Стремление христианской цивилизации к познанию Творца имеет три формы: познание через Слово, через Творение, и через Человека.
Действительно, если мы живём в мире, который был сотворён, то нет занятия более целесообразного, чем приближение к Творцу; а как к Нему приблизиться?
Есть Откровение, то есть – текст, Библия. Познание текста было чрезвычайно конструктивно и привело к схоластике – искусству умозрения, работы со смыслами, выраженными в тексте, проговаривания и обсуждения этих смыслов.
Когда этот способ стал казаться исчерпанным, появился Фрэнсис Бэкон и сказал: а давайте познавать Бога более непосредственно: законы мироздания, поведение мира – как он дан нам в опыте – есть следствие воли Творца. Таким образом, изучая физику, а вместе с ней – напитанную схоластическим методом математику, – мы приближаемся к Богу.
Оказалось, разбираться в Творении так увлекательно и продуктивно: можно делать паровозы, самолёты, космолёты, смартфоны. Со временем христианская цивилизация стала забывать о Творце, так как играя в куски творения можно и самому почувствовать себя не рекомбинатором-пользователем сотворённого, а самим первотворящим. Привязанность к прогрессу и к ощущению собственной власти привела к выхолащиванию Бога из познания. А зачем тогда познавать?
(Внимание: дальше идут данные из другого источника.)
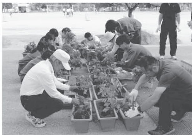
学校・家庭・地域が一体となった教育の推進 環境整備活動【コミュニティ・スクール】 (栗橋東中学校)
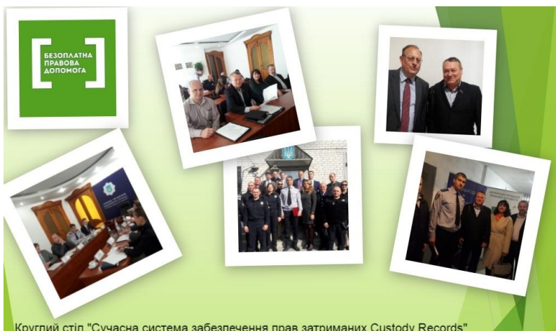
Круглий стіл "Сучасна система забезпечення прав затриманих Custody Records"

Про сучасну систему забезпечення прав затриманих Custody Records, яка запрацювала в ізоляторі тимчасового тримання у Кропивницькому, говорили сьогодні, 19 жовтня під час круглого столу, який пройшов у Головному управлінні Національної поліції у Кіровоградській області.
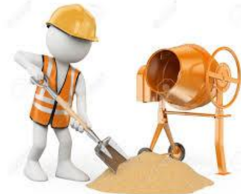
Sig. NERI manovale
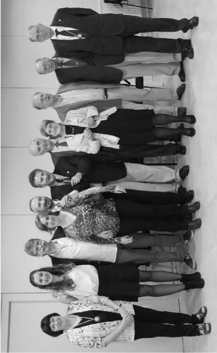
Familiares y Amigos de Número de la Bascongada
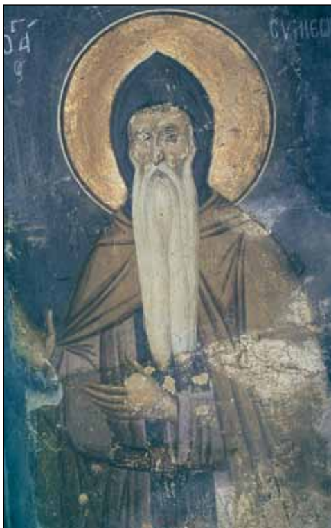
Свети Сѣмеон Немања, главна манастѣрска црква, јуѡзайадни шравеј наоса

Стручњаци Републичког завода за заштиту споменика културе проценили су да је, у грађевинском смислу, изгорело више од 42 одсто површине објеката манастира, док је корисне површине у тим објектима изгорело и више – преко 54 одсто.
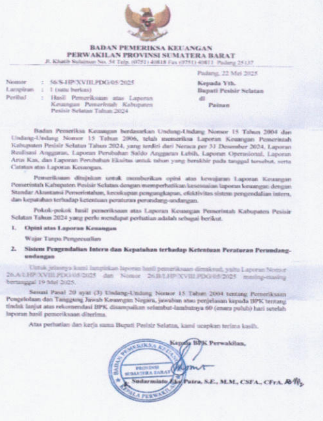
Gambar 2.1 Pernyataan dan Dokumentasi WTP Tahun 2024
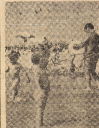
Strand — Neptun.

În Polonia a fost realizată o substanță care neutralizează petele de petrol de pe mări și oceane. Respectivă substanță organică nu este toxică și nu intră în compoziție chimică cu apa, nu se scufundă și poate să fie ușor îndepărtată de pe suprafața mării. Petele de petrol neutralizate cu substanța poloneză care se numește „Posteora” pot pluti pe suprafața mării, timp de câteva luni. „Posteora” va găsi o largă întrebuințare în porturi, lângă platformele de foraj marin și în apropierea plajelor unde apa este foarte poluată. (Agerpres)
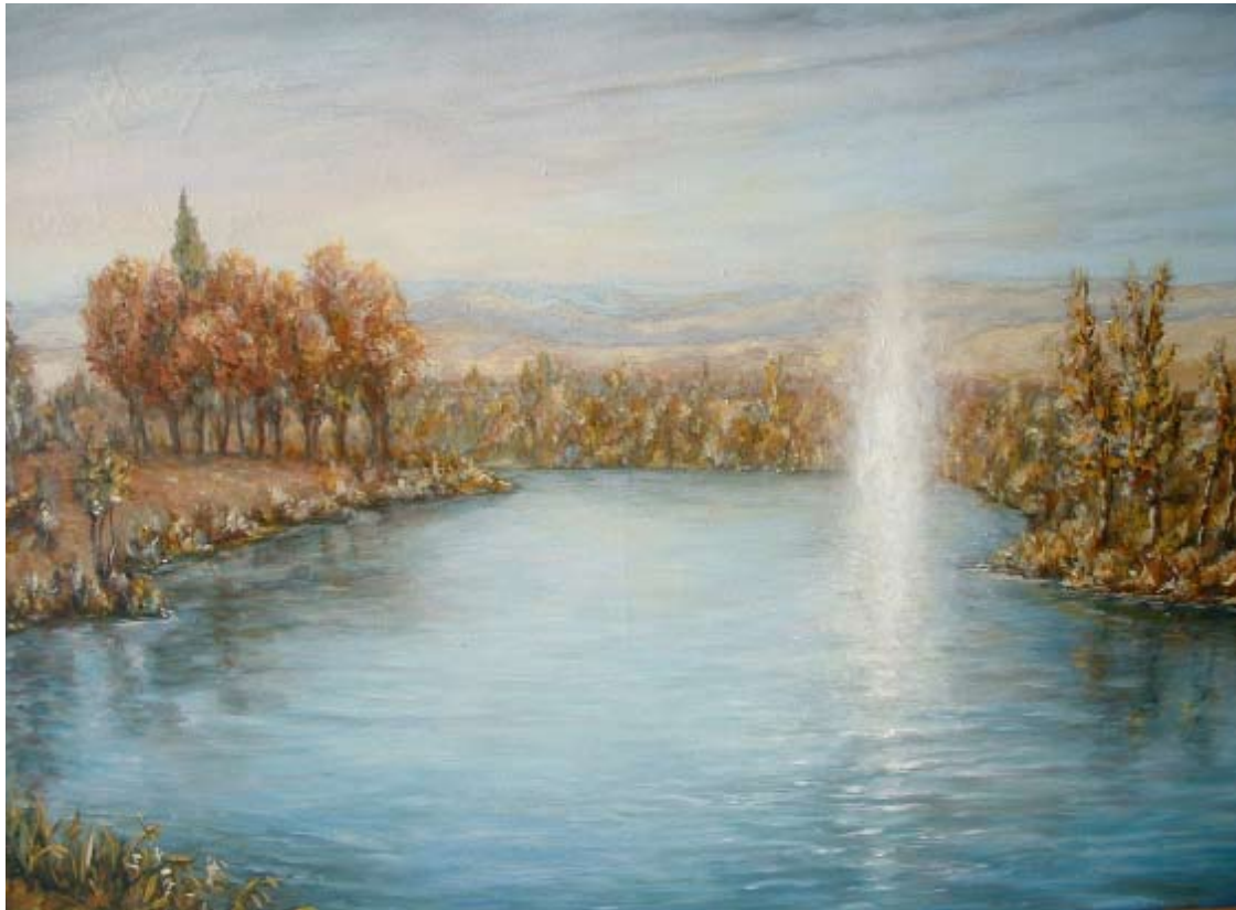
"Acontecimiento en el río Jordán" pintura al óleo de Carlos Rubinsky
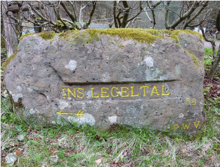
Ritterstein Nr. 96 Ins Legeltal am Legelbach bei Elmstein (2013)
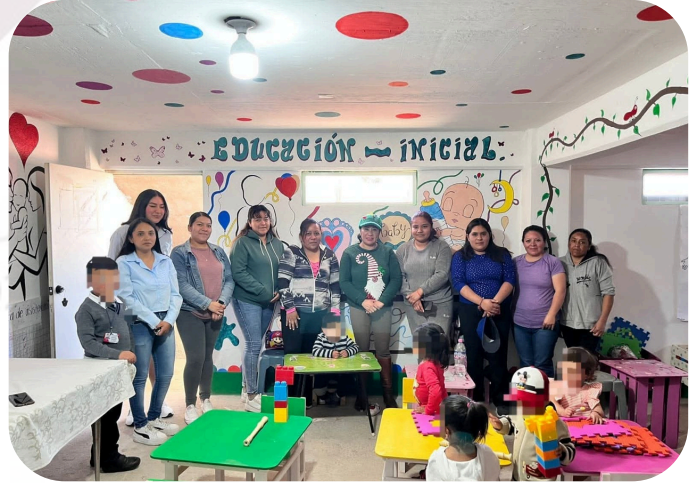
Apoyo en coordinación con nuestra Presidenta Municipal a la Escuelita Inicial de la comunidad de Santa Clara.
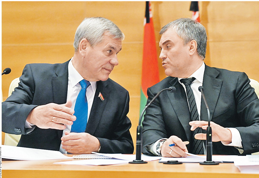
Председатель Парламентского Собрания Вячеслав Володин (справа) и его первый заместитель Владимир Андрейченко договорились, что Парламентское Собрание будет больше внимания уделять реализации союзных программ и контролю за выполнением принимаемых решений.

- Спасибо за доверие, постараюсь его оправдать, - обратился к коллегам Володин. - Буду делать все для того, чтобы наши отношения в рамках Союза развивались, чтобы парламент Беларуси и России как можно эффективнее решал задачи гармонизации и унификации законодательства.
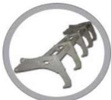
Гідравлічна регульована рамка
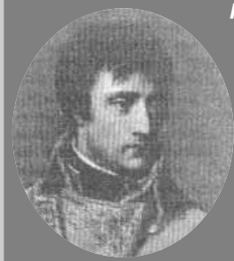
Наполеон, французский император

Душа, восторгающаяся красотой Евангелия, не принадлежит больше себе, Бог владеет ею всецело, Он направляет ее мысли и способности, она принадлежит Ему.
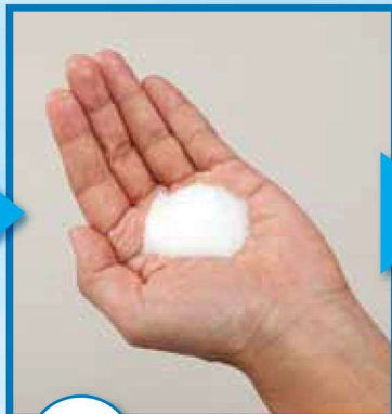
2 石けんを手のひらに適量取る
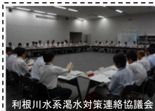
利根川水系渇水対策連絡協議会

水利用の適正かつ円滑な調整を実施(国土交通省、関係6都県等の関係機関により構成)
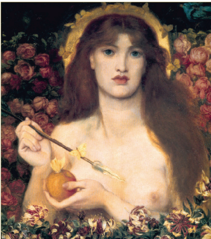
DANTE GABRIJEL ROSETI: Venera Vertikordija

Rimska mitologija je , sa svoje strane, verna replika legendi klasične Grčke : prosto-naprostu su izmenjena imena nekih bogova, kao Hera u Junona, ili Afrodita u Venera. Pripovesti su ostale istovetne. Ipak, postojala su i neka izvorno rimska božanstva, kao Bona Dea (Dobra boginja) ili blizanci Romul i Rem, pored bogova pokorenih naroda, postepeno uvršćenih u rimski panteon.

Очевидно, чтобы коммерциализировать инновации. То есть, ради денег.
Есть третий способ приближения к Творцу: через познание того, в кого Он вдохнул. Кусок глины, ставший не просто человекозверем, а субъектом, квантовым наблюдателем; я бы сказал – лично мной. А для вас – лично Вами.
Познание Бога через познание и развитие самого себя – тоже свойственно христианской цивилизации. Есть сильная ветвь познания себя в немецкой философии, холистической, антропной. К сожалению, самые знаменитые проявления её в то же время и самые пугающие. Например, ницшевское “Бог умер!” и учение о Сверхчеловеке.
Здесь всматривание в духовность человека восхищает и пьянит так же, как всматривание в формулы, механизмы или электроны, или вслушивание в слова. Если германский дух начинает с обращения внимания на самого себя, а продолжает выделением “германского духа”, то на следующем этапе принимается решение, что негерманцы – не носят этот высший субъектный дух, а значит, не вполне люди, нет в них искры. А значит, всё дозволено.
Плохо кончилась эта история. Но и исследование Откровения закончилось инквизицией и охотой на ведьм (помимо прочего), и технология приводит нас в “цифровой фашизм”. Дело не в самом движении к человеческому духу, а в том, что по пути забыто божественное.
Остаются ветви немецкой традиции, продолжающие познание Творения, Творца, Воли через познание Человека, хотя и в немного подпольном, немодном формате.
Вот что здесь восхищает и удивляет: стремление разобраться в чём-то, ставить вопросы, вглядываться – настолько присуще христианской цивилизации, что пока она не теряла контакта с Богом, самого ощущения Благодати, она всегда занималась творческим поиском. Будто нет другого способа отношения с миром, кроме творческого, познающего: по образу Творца.
И когда я всерьёз всматриваюсь в то, что бросает меня на амбразуры творчества языков программирования и сложных систем, я обнаруживаю себя сидящим среди ориенталистских символов, пьющим чай и делающим цигун по утрам, но всё-таки немного христианином.
И это – вызов.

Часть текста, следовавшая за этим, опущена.